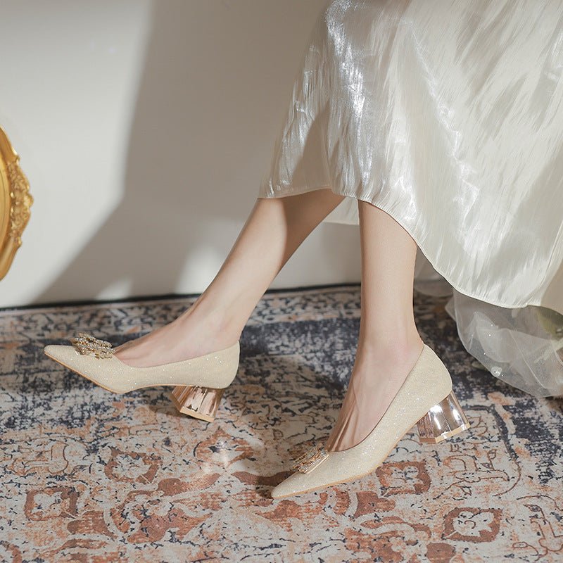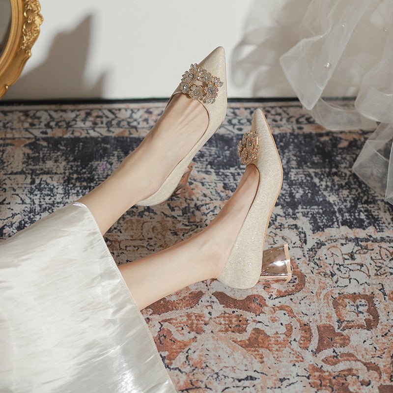 5118-6 Chunky Heel High Heels Women’s New Wedding Shoes High-Grade Wedding Women’s Shoes
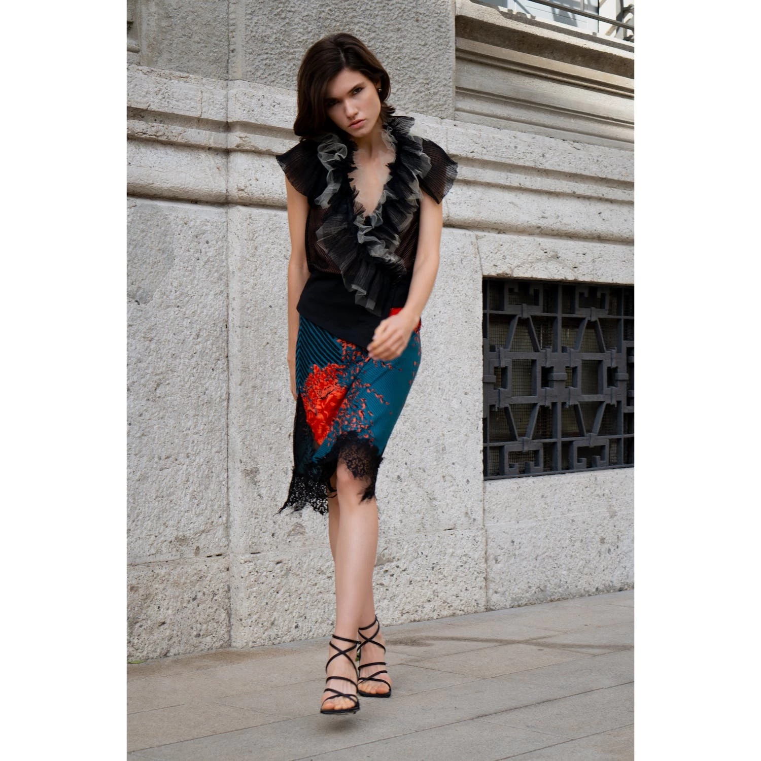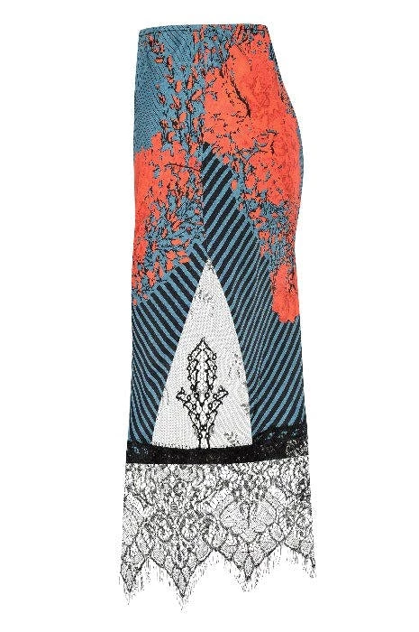 The Magdalena is an elegant bias slip skirt elevated with wide delicate lace. Made from the recycled viscose sateen in the exclusive floral and geometric print, this skirt feels like butta. The bold, yet not too feminine print has a 5″ wide lace trim at the hem. For a peek-a-boo leg effect, they added a lace insert to one side without being too risque. With a sturdy, but slim elastic in the waist, you can simply slip her up and pair her with any summer top. French seam finishes.
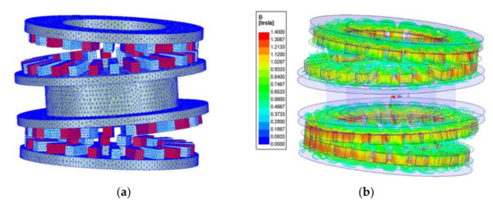 To achieve the precise distribution of the magnetic field allowing for detailed analysis of a torque transmission process, the studied domains were subdivided into more than 830,000 tetrahedral elements. The mesh was refined for magnetically active regions as magnets and air gaps. The visualization of the finite element mesh excluding the air region at the selected position of the gear elements is shown in Figure 5a, while the corresponding distribution of the magnetic field lines is depicted in Figure 5b. It can be observed that the studied magnetic circuit is not saturated since the maximum value of the magnetic flux density does not exceed 1.4 T. The increased value of the magnetic flux density can be observed in the regions of the minimum value of the air-gap lengths. It can also be noticed that in these regions, a closed loop of the magnetic flux is formed according to the magnetization direction of the magnets. This flux contributes to the transmission of torque by the gear.

———

- **Brief**: Restate all of the material above word for word. Pictures do not belong in it.

- **Exercise response**:
 5118-6 Chunky Heel High Heels Women’s New Wedding Shoes High-Grade Wedding Women’s Shoes
 The Magdalena is an elegant bias slip skirt elevated with wide delicate lace. Made from the recycled viscose sateen in the exclusive floral and geometric print, this skirt feels like butta. The bold, yet not too feminine print has a 5″ wide lace trim at the hem. For a peek-a-boo leg effect, they added a lace insert to one side without being too risque. With a sturdy, but slim elastic in the waist, you can simply slip her up and pair her with any summer top. French seam finishes.
 To achieve the precise distribution of the magnetic field allowing for detailed analysis of a torque transmission process, the studied domains were subdivided into more than 830,000 tetrahedral elements. The mesh was refined for magnetically active regions as magnets and air gaps. The visualization of the finite element mesh excluding the air region at the selected position of the gear elements is shown in Figure 5a, while the corresponding distribution of the magnetic field lines is depicted in Figure 5b. It can be observed that the studied magnetic circuit is not saturated since the maximum value of the magnetic flux density does not exceed 1.4 T. The increased value of the magnetic flux density can be observed in the regions of the minimum value of the air-gap lengths. It can also be noticed that in these regions, a closed loop of the magnetic flux is formed according to the magnetization direction of the magnets. This flux contributes to the transmission of torque by the gear.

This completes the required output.